- _DATA EXCERPT_:
■ ■ ■ ■

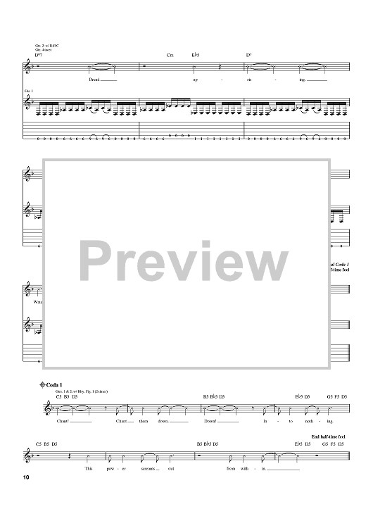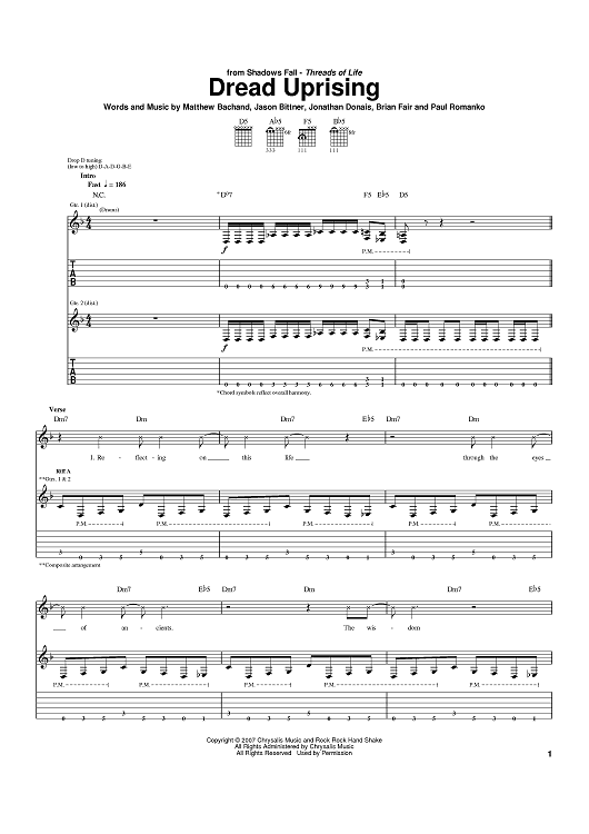Digital Sheet Music for Dread Uprising by Matthew Bachand, Jason Bittner, Jonathan Donais, Brian Fair, Paul Romanko, Shadows Fall scored for Guitar Tab; id:397392
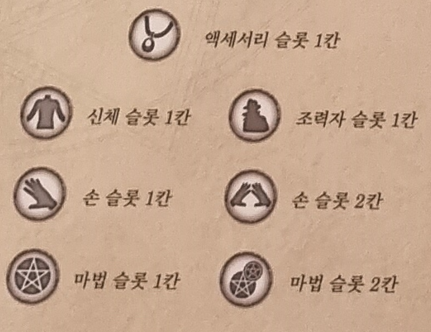 조력자 슬롯 1칸, 신체 슬롯 1칸, 액세서리 슬롯 1칸, 손 슬롯 2칸, 마법 슬롯 2칸
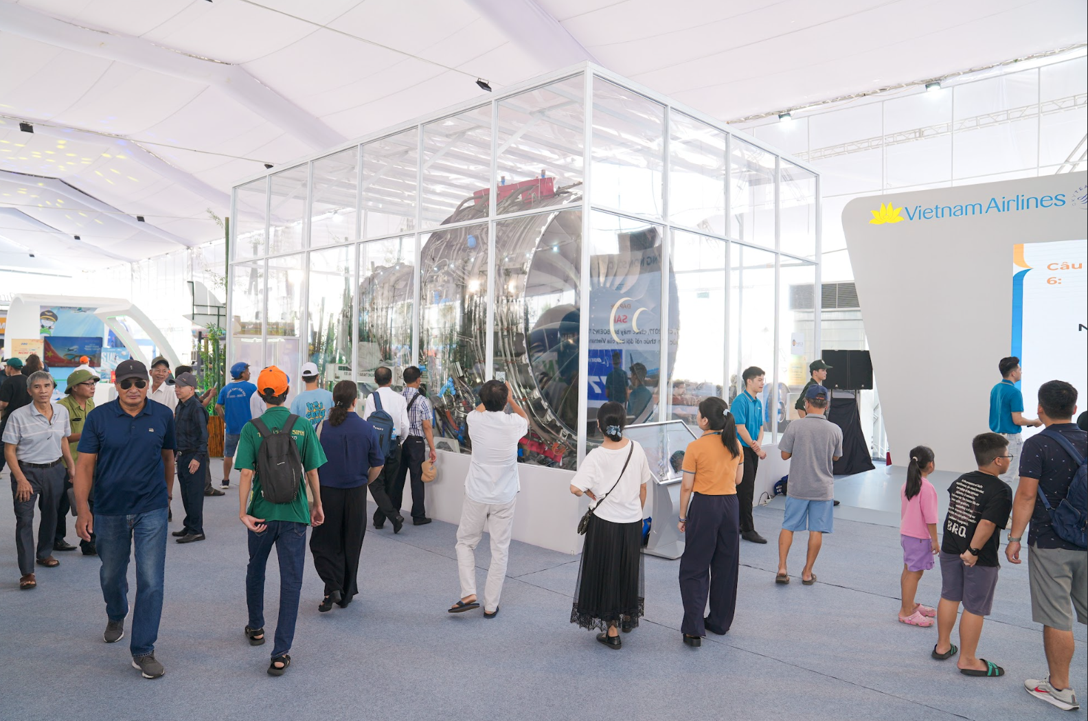 Không gian trưng bày của Vietnam Airlines tại Triển lãm Thành tựu đất nước, với chủ đề “80 năm hành trình Độc lập – Tự do – Hạnh phúc”, có diện tích lên tới 1.500 m², lớn nhất trong các đơn vị hàng không. Nằm trong phân khu “Khát vọng bầu trời”, gian trưng bày mang thông điệp “Cùng non sông cất cánh”, được thiết kế như một chuyến bay trải nghiệm độc đáo, đưa khách tham quan ngược dòng thời gian, sống lại hành trình 30 năm hình thành và phát triển của Hãng hàng không Quốc gia Việt Nam. Khu trưng bày được thiết kế theo 5 cột mốc phát triển của Hãng gồm: Lịch sử và khát vọng chinh phục bầu trời; Hệ sinh thái dịch vụ mặt đất và những nỗ lực phát triển xanh; Dịch vụ trên không và đội ngũ phi công, tiếp viên; Đội tàu bay hiện đại, chuyển đổi số, công nghệ mô phỏng và thực tế ảo và Hệ thống mạng bay toàn cầu. |

■ ■ ■ ■

Keeping pictures out, repeat exactly the lines from the one containing "조력자 슬롯 1칸, 신체" through the end of the listing.

- _WRITTEN ANSWER_:
 조력자 슬롯 1칸, 신체 슬롯 1칸, 액세서리 슬롯 1칸, 손 슬롯 2칸, 마법 슬롯 2칸
 Không gian trưng bày của Vietnam Airlines tại Triển lãm Thành tựu đất nước, với chủ đề “80 năm hành trình Độc lập – Tự do – Hạnh phúc”, có diện tích lên tới 1.500 m², lớn nhất trong các đơn vị hàng không. Nằm trong phân khu “Khát vọng bầu trời”, gian trưng bày mang thông điệp “Cùng non sông cất cánh”, được thiết kế như một chuyến bay trải nghiệm độc đáo, đưa khách tham quan ngược dòng thời gian, sống lại hành trình 30 năm hình thành và phát triển của Hãng hàng không Quốc gia Việt Nam. Khu trưng bày được thiết kế theo 5 cột mốc phát triển của Hãng gồm: Lịch sử và khát vọng chinh phục bầu trời; Hệ sinh thái dịch vụ mặt đất và những nỗ lực phát triển xanh; Dịch vụ trên không và đội ngũ phi công, tiếp viên; Đội tàu bay hiện đại, chuyển đổi số, công nghệ mô phỏng và thực tế ảo và Hệ thống mạng bay toàn cầu. |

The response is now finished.